**EXERCISE GOAL:**
An exact reproduction of the records is required, with all pictures omitted.

(Dataset items)
>>>>

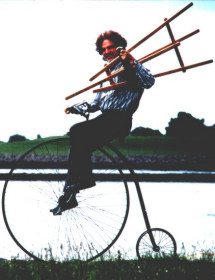"Jens": Bild bei der Motivsuche mit Staffelei auf dem Hochrad. So war es auch in einem SAT1-Bericht zu sehen. Ich möchte in Brunsbüttel / Norddeutschland im rahmen der Wattolümpiade www.wattoluempia.de die erste Norddeutsche Hochrad-meisterschaft ausrichten. Wer würde sich beteiligen ? |
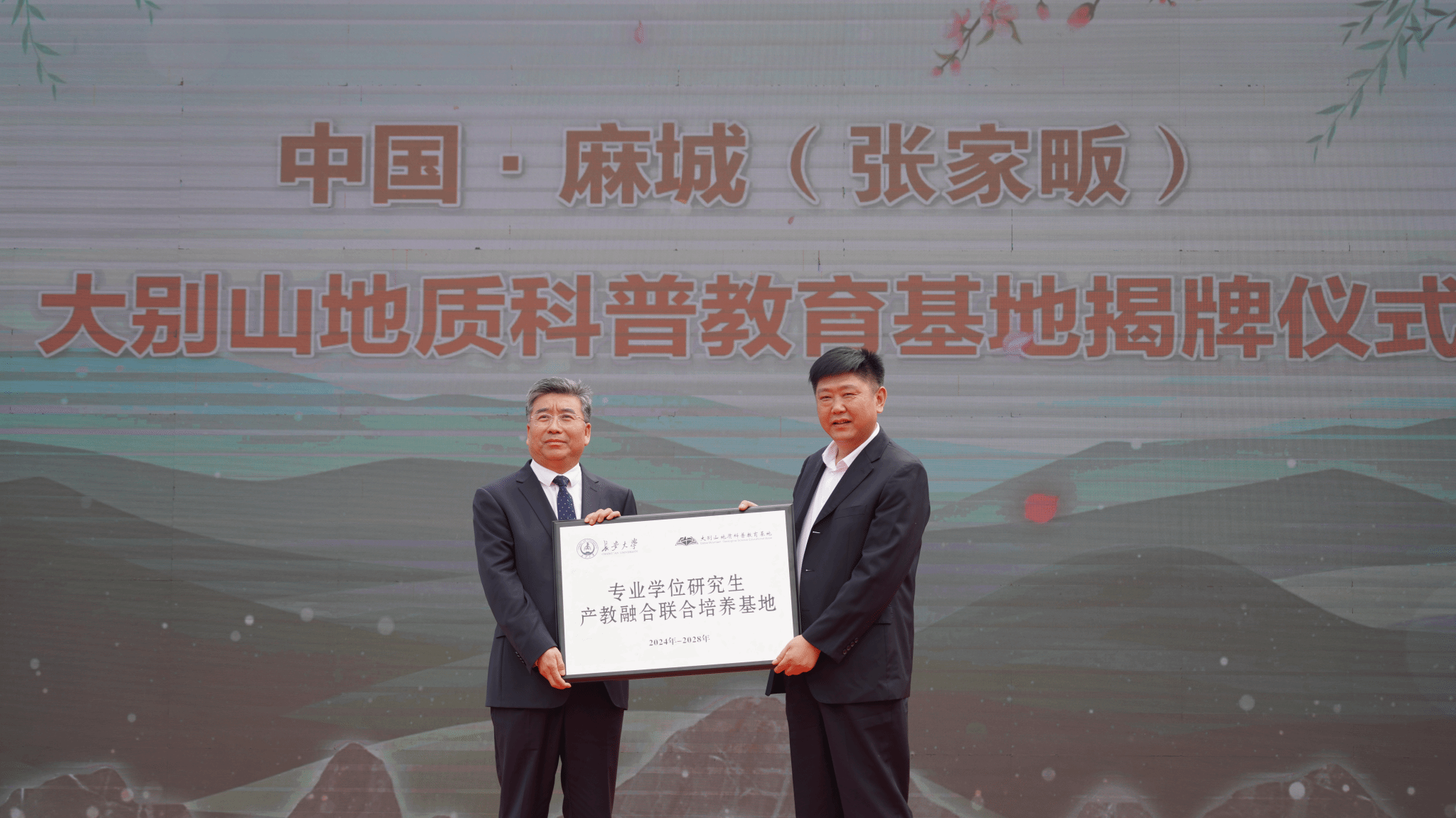 范文代表学校为专业学位研究生产教融合联合培养基地授牌。他指出,彭建兵院士充分发挥学校学科特色和科研力量,带领团队投入教育基地和文化村建设,为基地的建成倾注了大量心血,希望通过建立研学基地,推动校地双方在人才培养、科学研究、科普教育等方面开展深入合作,把地质科普馆建成重要的育人平台、文化建设的“主阵地”、对外交流与形象展示的“新窗口”、社会科普教育的“打卡地”和深受群众喜爱的“新地标”。
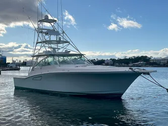 The 45 Cabo is one of the most iconic and finest fishing platforms ever conceived. Constructed on a beamy modified V-Hull with cored hull sides, a deep forefoot and well flared bow. She features beautiful lines and a very spacious air conditioned centerline helm deck with ample L-Shaped seating to port/aft. The fully equipped cockpit has a transom livewell, excellent tackle storage, and two expansive in-deck fish boxes. The engine room is located beneath the helm deck with access through the cockpit. This 45 Cabo has the optional two stateroom layout that first came available with this year model with the master forward and a double bunk guest room to port. The head and shower are across from the guest stateroom and to starboard.
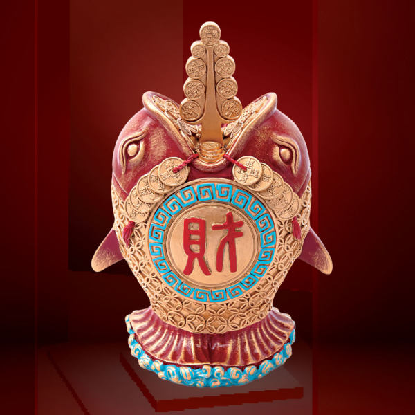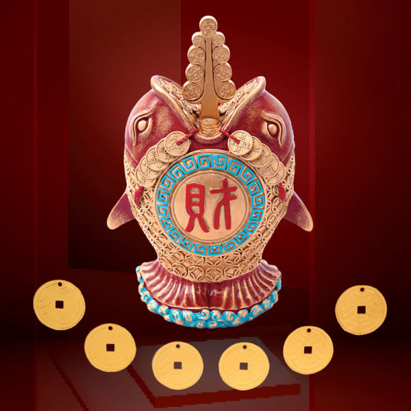 「鯨吞萬里財」是兩條大鯨魚,「魚」與「餘」諧音,象徵富足、富貴。雙魚圖案寓意雙倍豐收、好事成雙。鯨嘴還含著一棵搖錢樹,代表永遠在嘴邊有財,正應財源滾滾而來!如果想加快催財,可加放招財寶牌,新年放此吉祥物於東方,令滿屋財氣,十分應節!
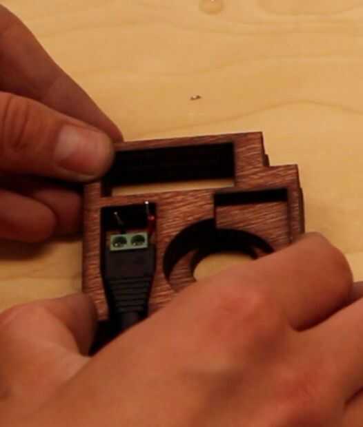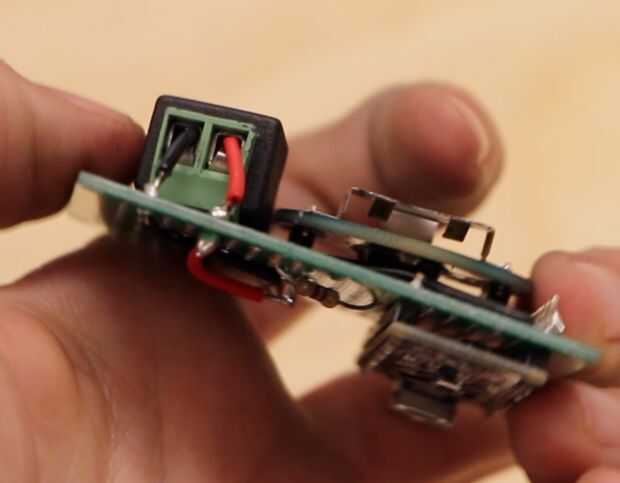 4. Luego soldar un cable de Vcc de ChronoDot al positivo de alimentación terminal y el GND de la ChronoDot al borne negativo.
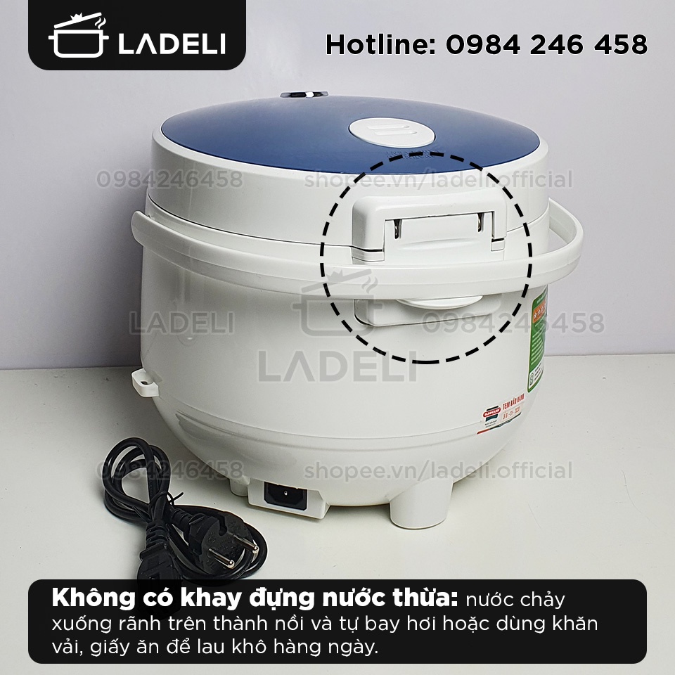 ❌ Nồi KHÔNG CÓ khay đựng nước thừa. Nước đọng trên nắp chảy xuống thành nồi, bạn chỉ cần lau hàng ngày là sạch sẽ.

<<<<

**SOLUTION TO THIS EXERCISE:**
"Jens": Bild bei der Motivsuche mit Staffelei auf dem Hochrad. So war es auch in einem SAT1-Bericht zu sehen. Ich möchte in Brunsbüttel / Norddeutschland im rahmen der Wattolümpiade www.wattoluempia.de die erste Norddeutsche Hochrad-meisterschaft ausrichten. Wer würde sich beteiligen ? |
 范文代表学校为专业学位研究生产教融合联合培养基地授牌。他指出,彭建兵院士充分发挥学校学科特色和科研力量,带领团队投入教育基地和文化村建设,为基地的建成倾注了大量心血,希望通过建立研学基地,推动校地双方在人才培养、科学研究、科普教育等方面开展深入合作,把地质科普馆建成重要的育人平台、文化建设的“主阵地”、对外交流与形象展示的“新窗口”、社会科普教育的“打卡地”和深受群众喜爱的“新地标”。
 The 45 Cabo is one of the most iconic and finest fishing platforms ever conceived. Constructed on a beamy modified V-Hull with cored hull sides, a deep forefoot and well flared bow. She features beautiful lines and a very spacious air conditioned centerline helm deck with ample L-Shaped seating to port/aft. The fully equipped cockpit has a transom livewell, excellent tackle storage, and two expansive in-deck fish boxes. The engine room is located beneath the helm deck with access through the cockpit. This 45 Cabo has the optional two stateroom layout that first came available with this year model with the master forward and a double bunk guest room to port. The head and shower are across from the guest stateroom and to starboard.
 「鯨吞萬里財」是兩條大鯨魚,「魚」與「餘」諧音,象徵富足、富貴。雙魚圖案寓意雙倍豐收、好事成雙。鯨嘴還含著一棵搖錢樹,代表永遠在嘴邊有財,正應財源滾滾而來!如果想加快催財,可加放招財寶牌,新年放此吉祥物於東方,令滿屋財氣,十分應節!
 4. Luego soldar un cable de Vcc de ChronoDot al positivo de alimentación terminal y el GND de la ChronoDot al borne negativo.
 ❌ Nồi KHÔNG CÓ khay đựng nước thừa. Nước đọng trên nắp chảy xuống thành nồi, bạn chỉ cần lau hàng ngày là sạch sẽ.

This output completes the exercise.